# Spousal RSP and GIS question



## Selena (Jun 23, 2019)

Hello again,

I have another question for the forum.

I would like to withdraw* my Spousal RSP of** $ 8,000* in 2019.
Our total income for 2019 is $*24,000* ( *excluding two months of my husband's GIS and my allowances*).
My husband's income is $ *21,500* and my income is $ *2,500* in 2019. 
My husband will be 65 in October 2019, and I will be 65 in June 2020. We came to Canada in 1995, so we will have partial OAS.

My question is - if I cash my Spousal RSP will we retain government benefits ( GIS) in 2020.
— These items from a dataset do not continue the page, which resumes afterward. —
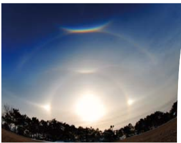
Extraordinary rainbow (Muan Manmin Church, January 27, 2011)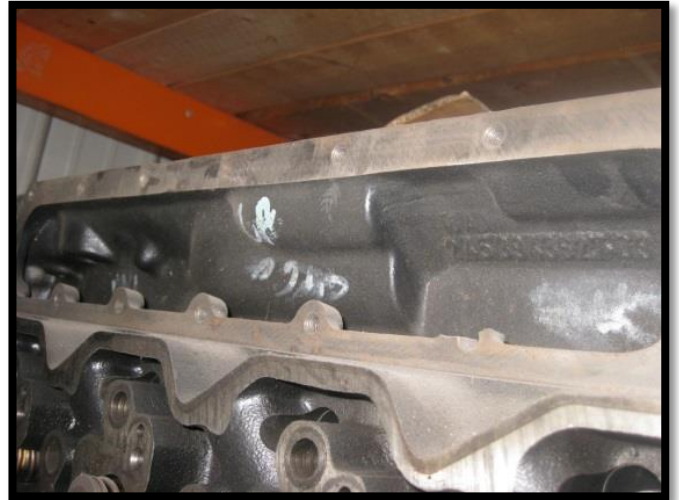
Above & Below: 5.9L, 24V, ISB, 1998.5-2002. Intake has big "lump" in the center and back side has more of a sharp edge transition.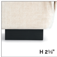
C Wood H 2 3/8" Matt black P15 Smoke P12 Canaletto Walnut P1GW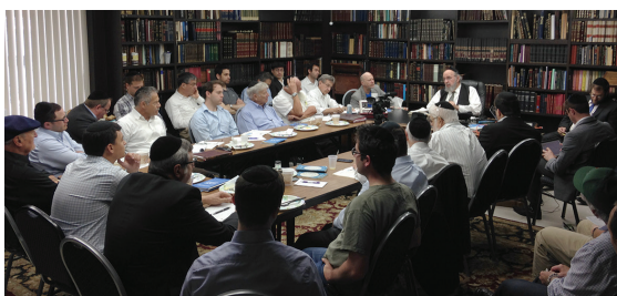
Rosh HaYeshiva's Pre-Pesach shiur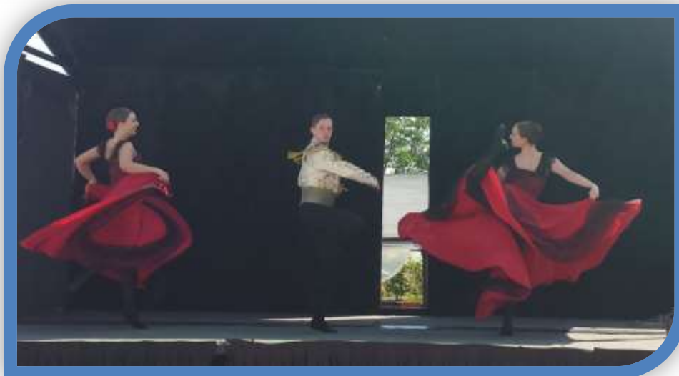
The Brandon Ballet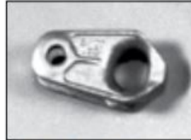
TC-6F Thimble Clevis (Code C4)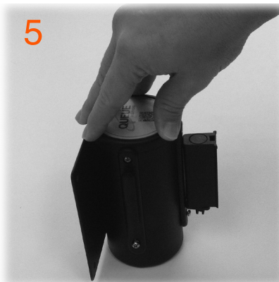
5 Slide the cassette all the way down in the housing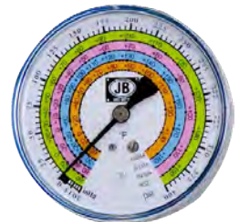
M2-400 4" Illuminating, Class 1, 1%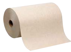
Brown No. 5UWL7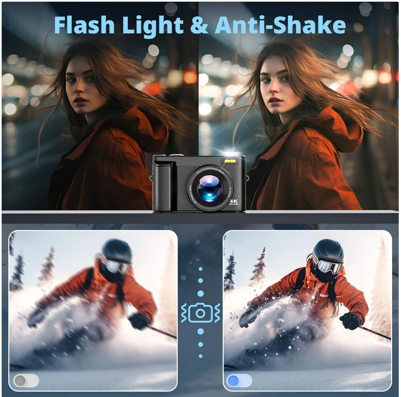
Figure 5.2: Flash Light and Anti-Shake capabilities.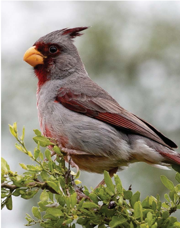
Detail of 2019 Field Guide Worthy category winner Zachary Gray's photograph, Pyrrhuloxia .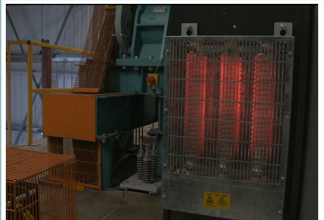
Before: Excess Energy Lost Through Braking Resistors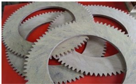
Friction Gear Disc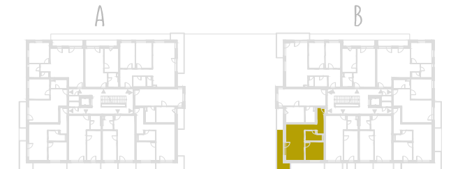
SCHEMA PŮDORYSU 7. NP / SCHEME OF THE SEVENTH FLOOR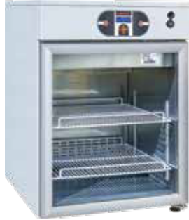
EKT 150 (0 °C/+15 °C)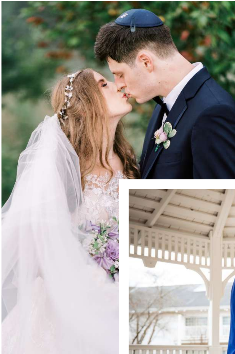
@daisyzimmerphoto @laurenleephoto @sethandbethphoto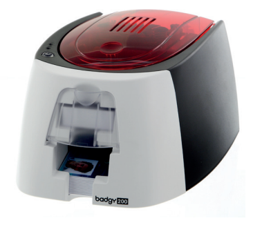
Badgy200 card printer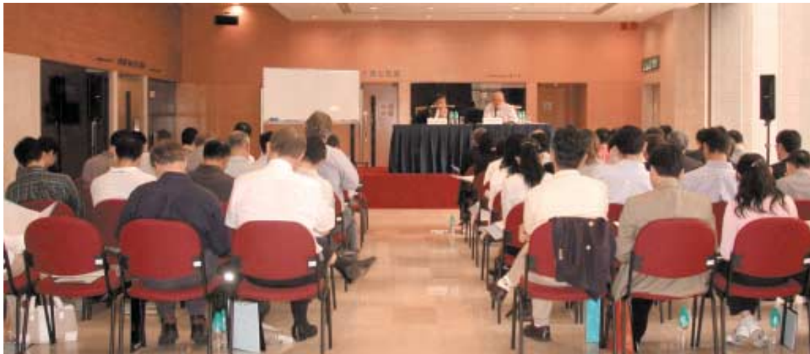
區域法院民事案件講座 District Court Seminar on Civil Matters

此外，我們亦在2005年12月舉行裁判官會議，討論「勞資傳票的量刑方針」、「永久擱置法律程序與司法覆核」及「自殺和防止自殺概況」等課題，共有50位法官和司法人員參加。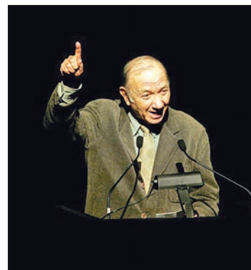
A legend of American theater, Neil Simon was credited with shaping American humor in the 1960s and 1970s in a vein similar to film director Woody Allen, with a focus on life in the big city and family conflict.

were darker, he was best known as the king of comedy, peppering his plays with witty one-liners.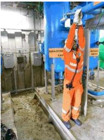
Figure 2. Valve Location in Relation to the Skid

In the analyzed events, we can observe that when the project is conceived with flaws, the worker devises alternatives for task execution. The listed events are some demonstrations with undesired consequences of known problems. In Figures 3 and 4, there are examples of other operation points in locations with difficult access. Given this scenario, the safety professional must have a decisive role in every workplace where there are no appropriate access means, whether by recommending the installation of chain mechanisms in valves,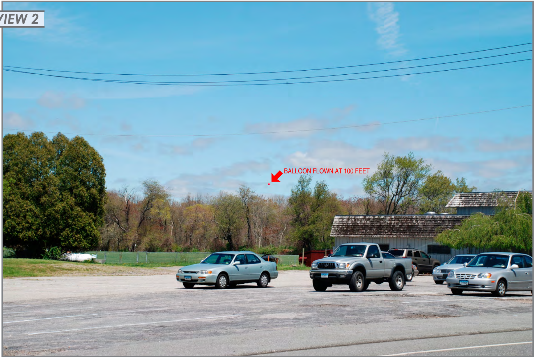
PHOTO TAKEN FROM ROUTE 156 (SHORE ROAD) AT DOGWOOD DRIVE, LOOKING NORTHEAST DISTANCE FROM THE PHOTOGRAPH LOCATION TO SITE IS 0.29 MILE +/-

ct:\mddat\40505-08\graphics\FIGURES\40505-08_Photosim.indd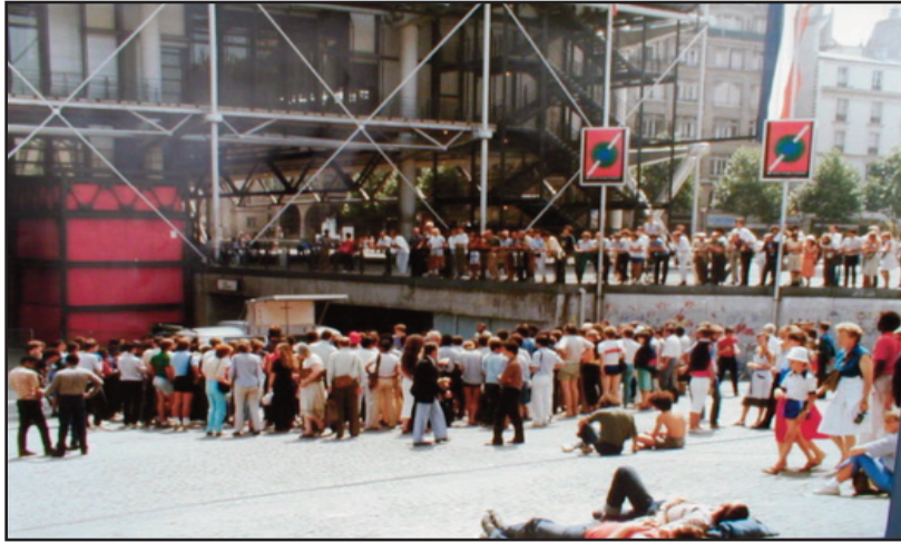
27 - OPEN-AIR IN PARIS

no way to contact him or any of the team members! So, Shoshanah and I prayed for God to guide us. We were driving along and didn't need gas, yet God prompted us to stop at a gas station about 30 miles outside of Milano. When we stopped at the station and asked for directions, there was a Volvo with GB license plates gassing up - it was Korky!!! GPS at that time stood for "God's Positioning System," and God certainly took care of the details, as this story illustrates!

Thank you very much for the help!
Selena


----------



## Dogger1953 (Dec 14, 2012)

Selena said:


> Hello again,
> 
> I have another question for the forum.
> 
> ...


Hi Selena - The answer as to if/how much GIS you would be entitled to depends somewhat on the source(s) of your income of $24,000. What is definite is that if you withdraw any amount of RRSP income, it will reduce your collective GIS entitlement. For example, if you withdraw the $8,000, each of your GIS entitlement will be reduced by approx. $167 per month, or approx. $2,000 for the year.


----------



## Selena (Jun 23, 2019)

Dogger1953 said:


> Hi Selena - The answer as to if/how much GIS you would be entitled to depends somewhat on the source(s) of your income of $24,000. What is definite is that if you withdraw any amount of RRSP income, it will reduce your collective GIS entitlement. For example, if you withdraw the $8,000, each of your GIS entitlement will be reduced by approx. $167 per month, or approx. $2,000 for the year.


Thank you for your help! 
Kind regards! 
Selena


----------